Norma recebeu uma placa comemorativa pelos serviços prestados à universidade. Os alunos do curso, André Albuquerque (bacharelado) e Matheus Cavalcante (licenciatura) fizeram a entrega solene. Segundo os organizadores, os anos de dedicação da professora ao curso e seu pioneirismo jamais serão esquecidos.
“A ideia, que ganhou corpo e emoção ao longo de quatro atos, nasceu do coração de quem viveu de perto a influência da homenageada”, disse Jhonatan Gomes Gadelha, que foi aluno de Norma na graduação. Ele contou que a mostra surgiu de uma entrevista feita com ela por ocasião do trabalho dele de conclusão de curso, em 2015. “As falas, os ensinamentos e as memórias compartilhadas por Norma naquele momento foram resgatadas e transformadas em movimento”, lembrou.
Gadelha explicou que as músicas que embalaram as coreografias autorais foram criadas com o auxílio de inteligência artificial. “Um encontro simbólico entre a tradição plantada pela pioneira e as ferramentas do futuro. O resultado foi uma apresentação carregada de bagagem emocional, autenticidade e reverência à história que se contava no palco.”
Mostra em 4 atos
A professora de Educação Física, Franciely Gomes Gonçalves, também ex-aluna de Norma, foi a mestre de cerimônias e guiou o público por uma narrativa que comparava a trajetória da homenageada ao crescimento de uma árvore: “A Pioneira: A Raiz (ato I), “A Transformadora: O Tronco” (ato II), “O Legado: Os Frutos” (ato III) e “Homenagem Final: O reconhecimento” (ato IV).

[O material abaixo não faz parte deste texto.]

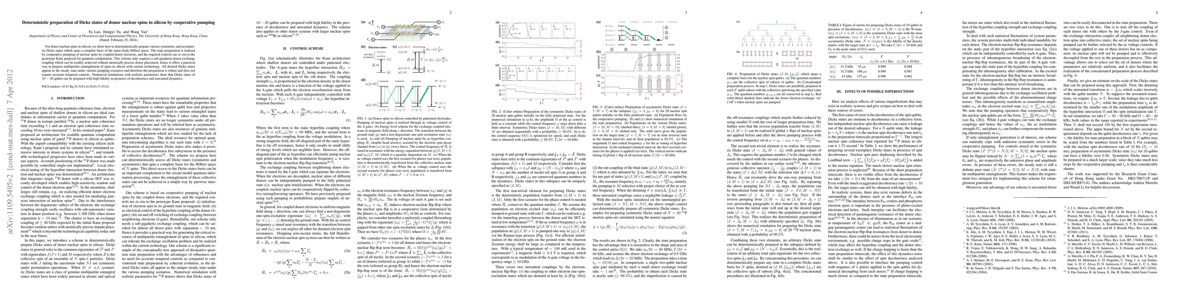 This paper presents a method for deterministically preparing Dicke states of donor nuclear spins in silicon using cooperative pumping by coupled donor electrons. The approach is practical and robust, requiring only sub-gigahertz coupling and offering a feasible route to multipartite spin entanglement with current technology, as demonstrated by simulations of 10-20 qubits.

O ato I trouxe depoimentos em vídeo e ao vivo, além de coreografias como “Homem com H” (com os 2º períodos de bacharelado e licenciatura) e “K Dance”, que homenageou os anos 1970. O ex-bolsista Kelvin Wesley subiu ao palco para saudar a professora. A escola de dança Adorai também marcou presença com as variações de Letícia e Rayelle Bianca, coreografadas por Caline Teodoro, e o carimbó foi apresentado pelo professor Jhon e pela aluna Kethelen.

O ato II contou com o depoimento ao vivo de Jhon Gomes, ex-aluno que seguiu carreira artística e acadêmica, narrando um momento específico que mudou sua trajetória. Ele também apresentou um solo de dança, seguido por coreografias da turma de licenciatura e uma performance de ginástica acrobática do 4º período.
No ato III foi exibido um vídeo em que os atuais alunos do curso de Educação Física refletiram sobre o que a dança significa em suas formações. As apresentações incluíram o Atelier Escola de Dança com “Entre o que Fica e o que Parte” (Ana Fonseca e Elias Daniel), o Estúdio de Artes Balancé com “Estrelas” (coreografia de Lucas Souza) e a Cia. de Dança Jhon Gomes, com outra versão de “Estrelas”. A escola Adorai retornou com “Sarça Ardente”, coreografada por Lívia Teodoro; os alunos do 2º período de bacharelado encerraram o ato.
No ato IV, após o ministério de dança Plenitude apresentar “Raridade”, música de Anderson Freire, a professora Shirley Regina subiu ao palco para oferecer palavras à homenageada. Em seguida, a mestre de cerimônias convidou Norma Tinoco a entrar em cena. Ao som de “Muda Tudo”, os alunos formaram um círculo ao redor da professora, cantando o refrão em coro.